Reproduce the listing that follows word for word, without its pictures.

(Given data)
·····

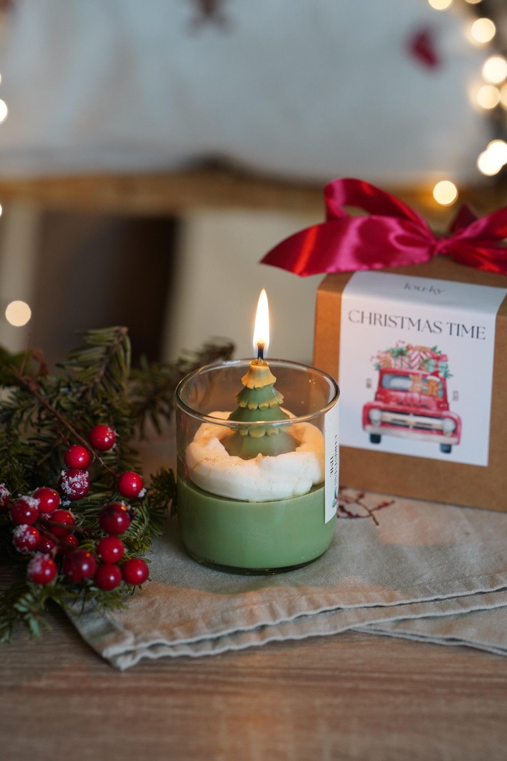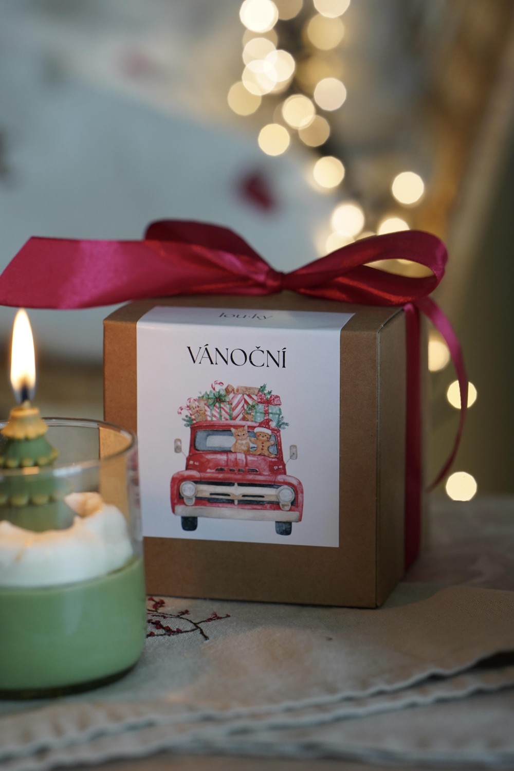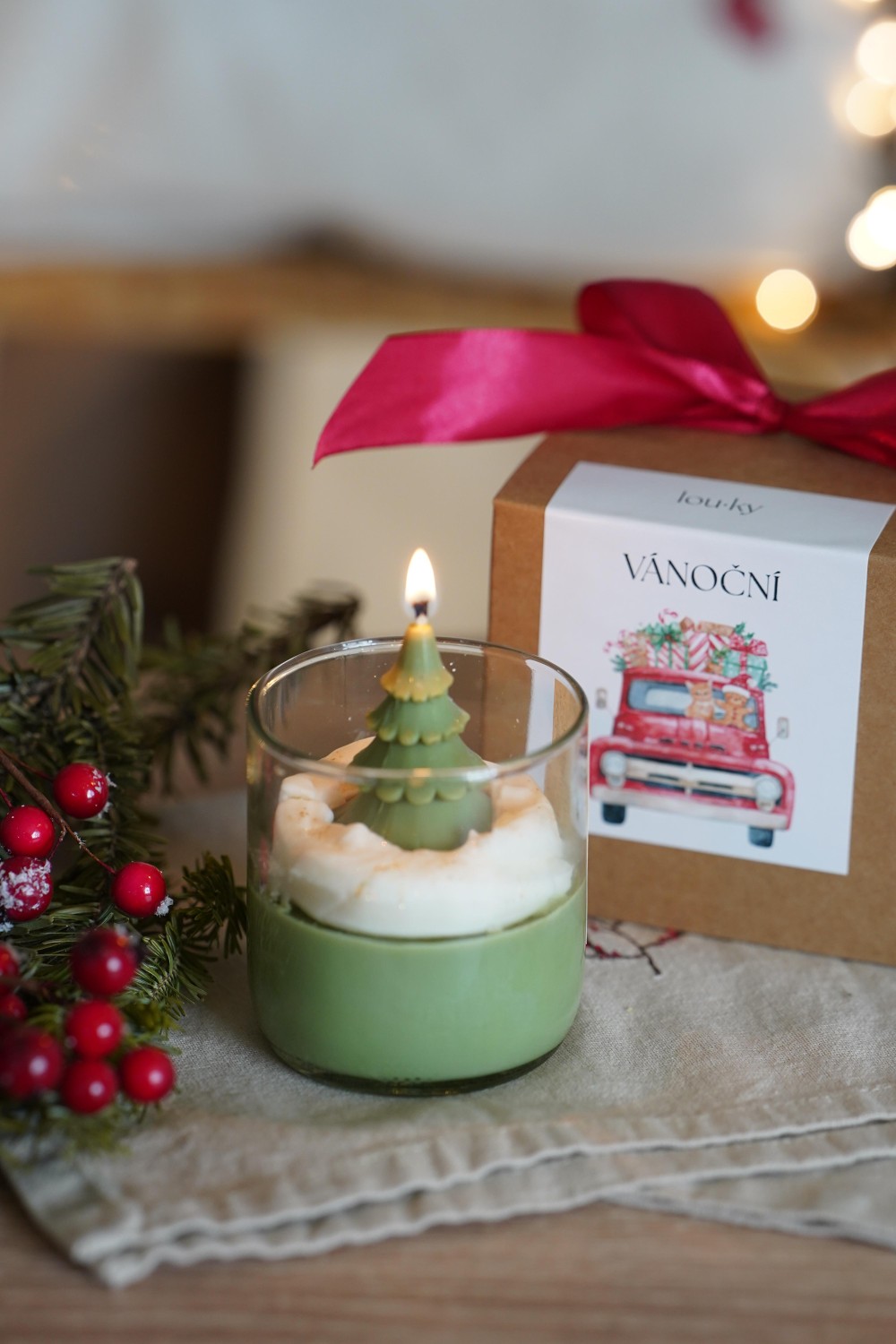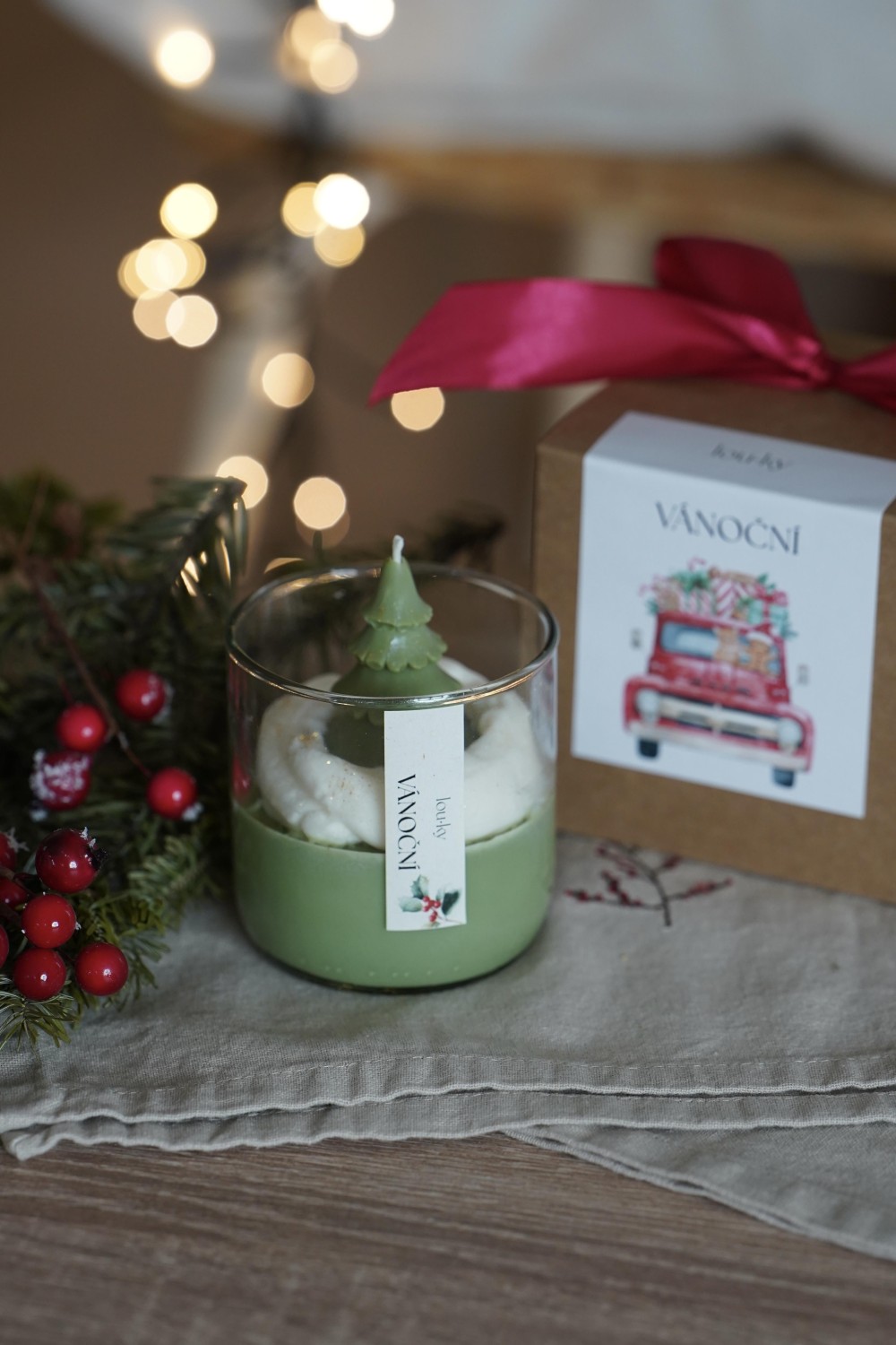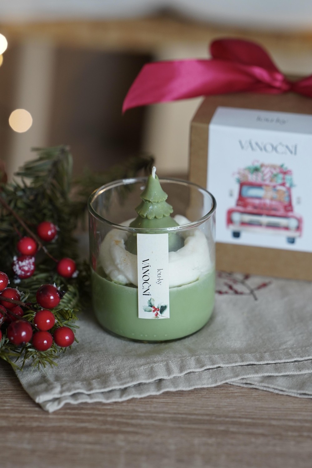 Naše Vánoční svíčka je ručně odlévaná ze sójového vosku a okouzlí vás svou sladce vanilkovou vůní s nádechem teplého koření. Horní vrstvu svíčky zdobí zelený stromeček, detail, který dodá vašemu domovu pravé vánoční kouzlo. Svíčka je posypaná jemným zlatým práškem. Při zapálení můžete vidět jak se postupně ve vosku objevují jemné zlaté třpytky. Každá svíčka je odlita do skleněné nádoby z recyklované vinné láhve a zabalená v dárkové krabičce se stuhou. Připravená potěšit jako krásný dárek i výjimečná ozdoba vašeho svátečního domova.
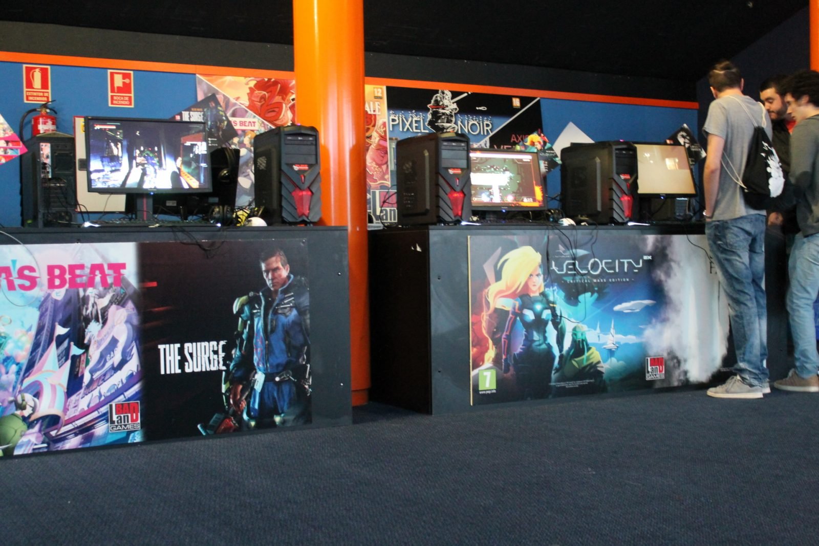 El siguiente stand fue, sin duda, nuestro favorito: BadLand Games. En esta ocasión llevaron: Akiras Beat, The Sexy brutale, Pixel Noir, Axion Verge, Song of Horror, Velocity y el juego que más nos gusto, The Surge. Todos y cada uno de los juegos nos tuvo enganchados bastante tiempo y pudimos disfrutar con ellos. Sobretodo destacamos The Surge. El juego nos recordó a Dark Souls o Bloodborne pero con un matiz y una personalidad propia que hacía que, siendo una fórmula parecida, pareciese un género completamente nuevo. Sin duda pondremos mucho ojo sobre este juego.
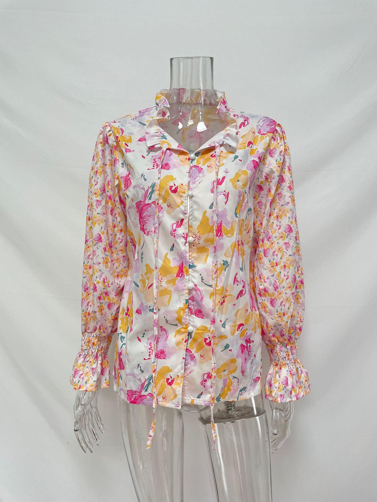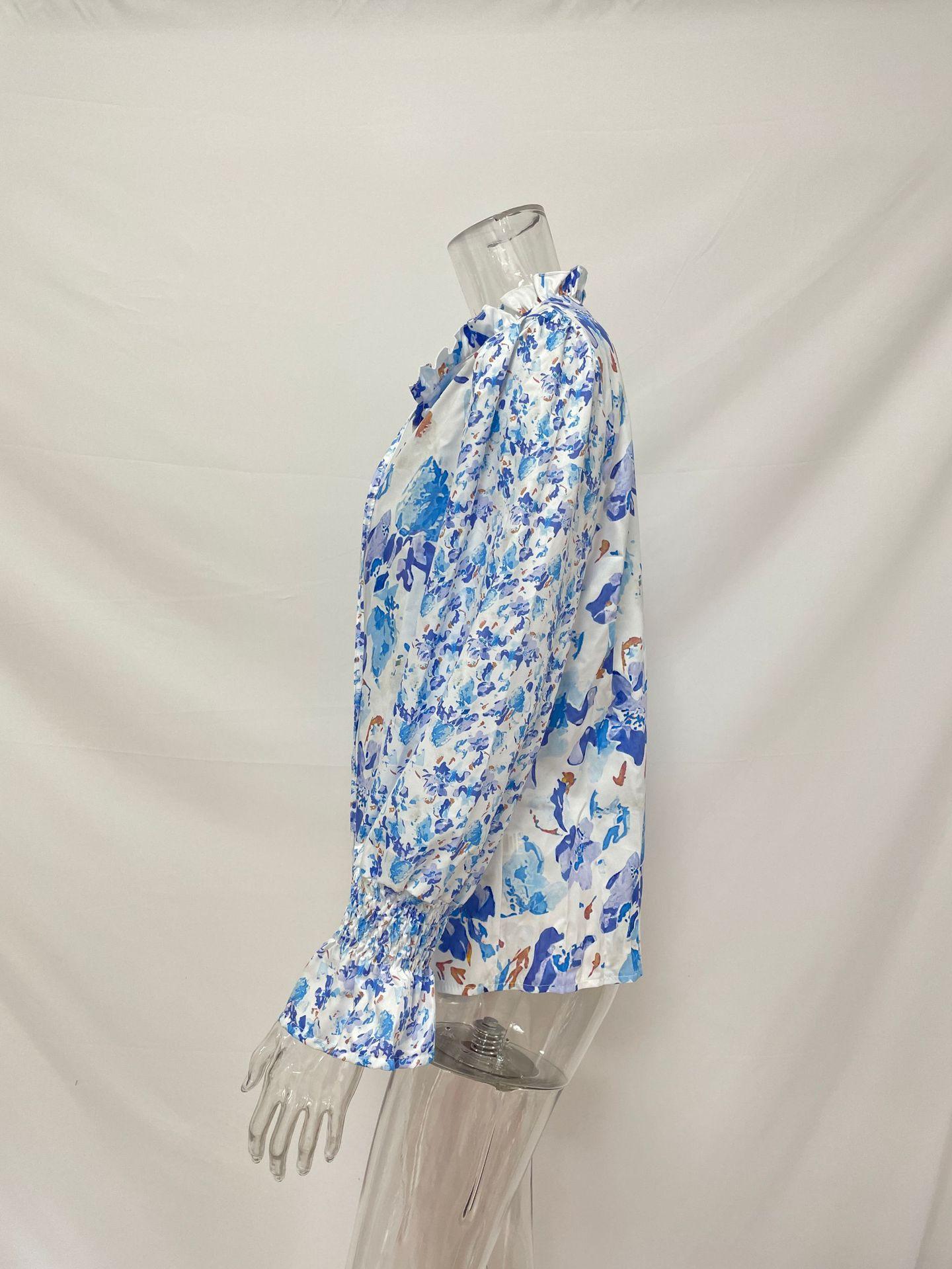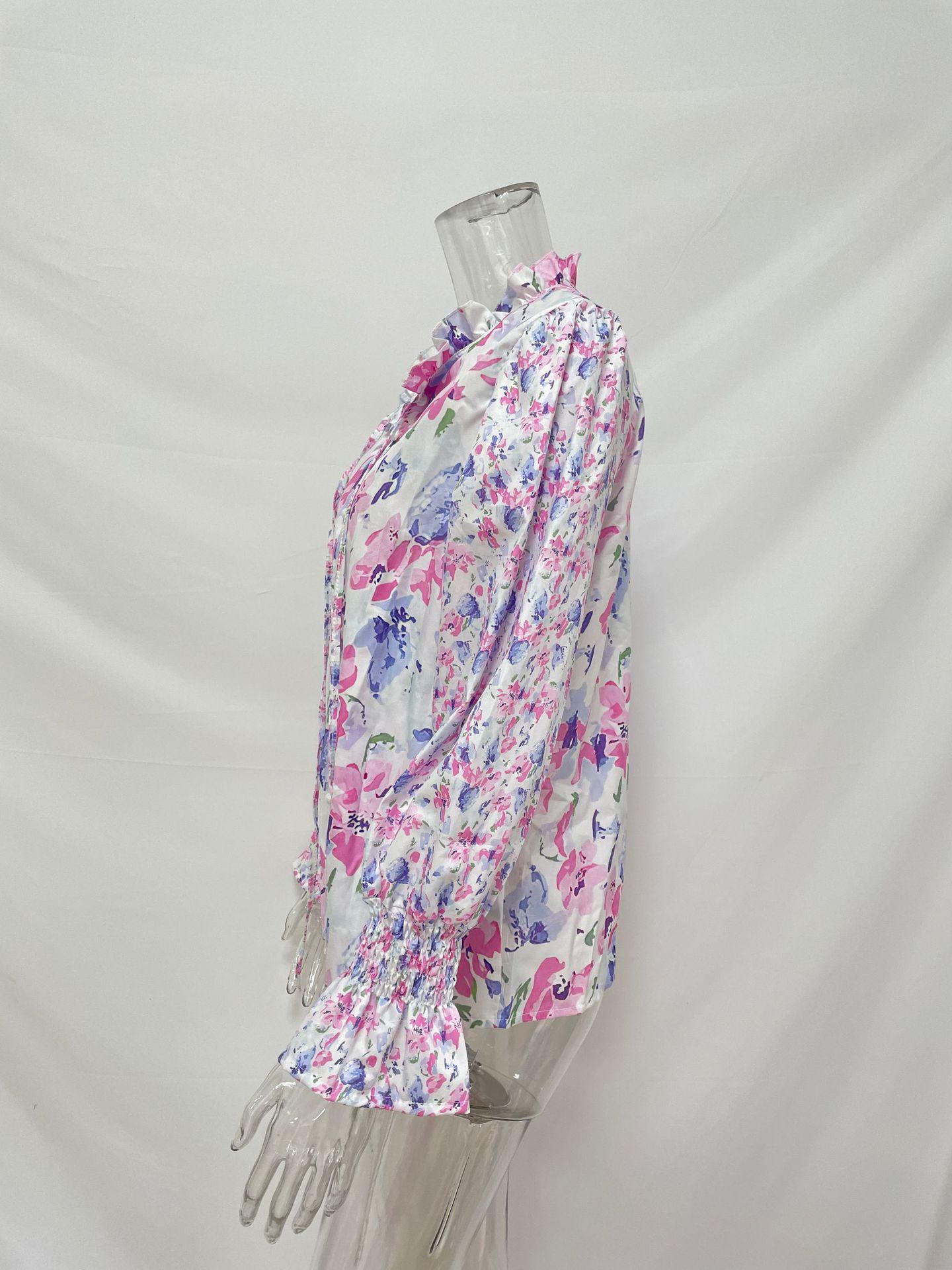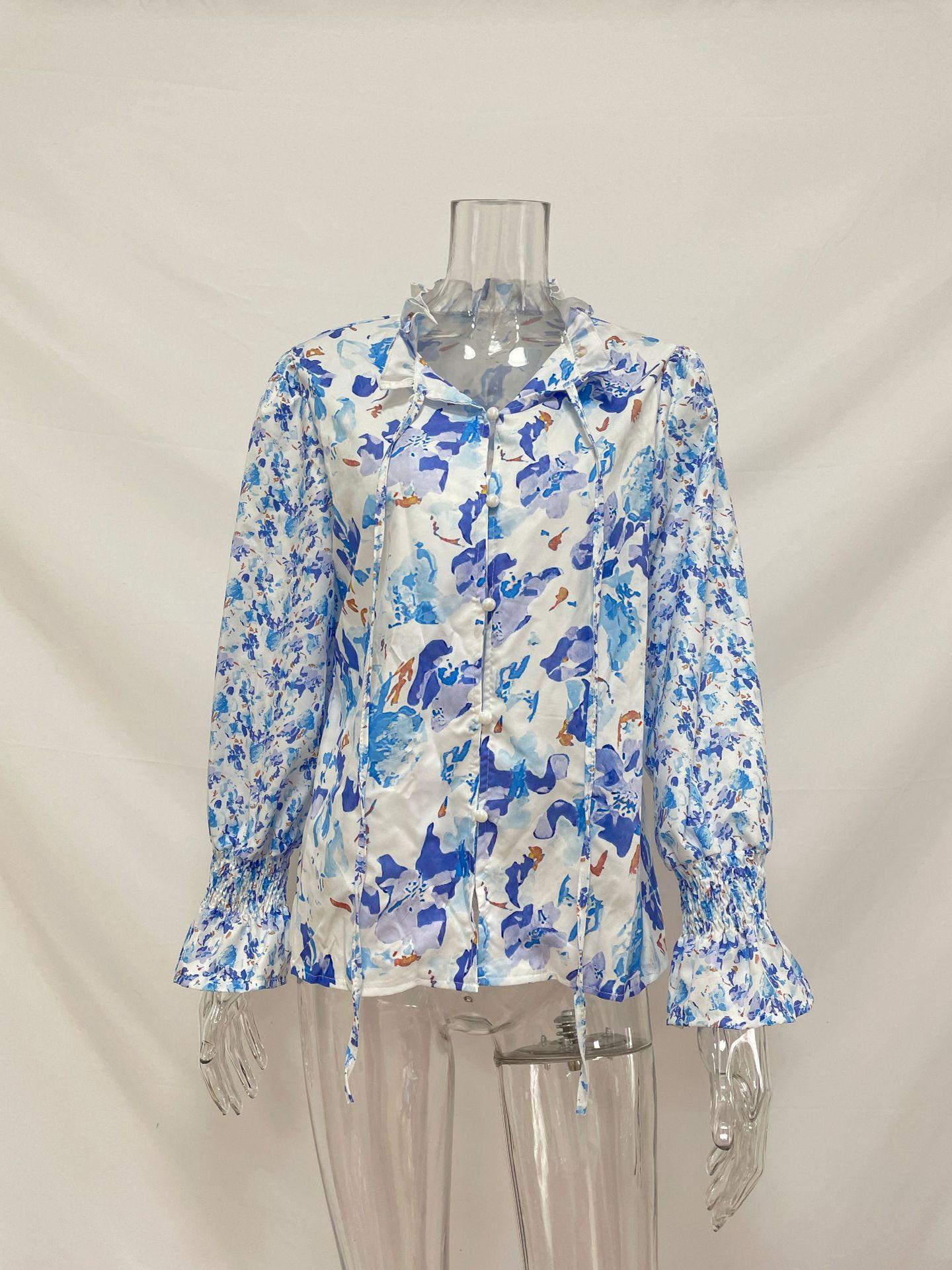 2024 outono roupas femininas europeias e americanas amazon comércio exterior transfronteiriço novo floral em torno do pescoço camisa feminina manga lanterna topo

·····

(Solution for this exercise)
 Naše Vánoční svíčka je ručně odlévaná ze sójového vosku a okouzlí vás svou sladce vanilkovou vůní s nádechem teplého koření. Horní vrstvu svíčky zdobí zelený stromeček, detail, který dodá vašemu domovu pravé vánoční kouzlo. Svíčka je posypaná jemným zlatým práškem. Při zapálení můžete vidět jak se postupně ve vosku objevují jemné zlaté třpytky. Každá svíčka je odlita do skleněné nádoby z recyklované vinné láhve a zabalená v dárkové krabičce se stuhou. Připravená potěšit jako krásný dárek i výjimečná ozdoba vašeho svátečního domova.
 El siguiente stand fue, sin duda, nuestro favorito: BadLand Games. En esta ocasión llevaron: Akiras Beat, The Sexy brutale, Pixel Noir, Axion Verge, Song of Horror, Velocity y el juego que más nos gusto, The Surge. Todos y cada uno de los juegos nos tuvo enganchados bastante tiempo y pudimos disfrutar con ellos. Sobretodo destacamos The Surge. El juego nos recordó a Dark Souls o Bloodborne pero con un matiz y una personalidad propia que hacía que, siendo una fórmula parecida, pareciese un género completamente nuevo. Sin duda pondremos mucho ojo sobre este juego.
 2024 outono roupas femininas europeias e americanas amazon comércio exterior transfronteiriço novo floral em torno do pescoço camisa feminina manga lanterna topo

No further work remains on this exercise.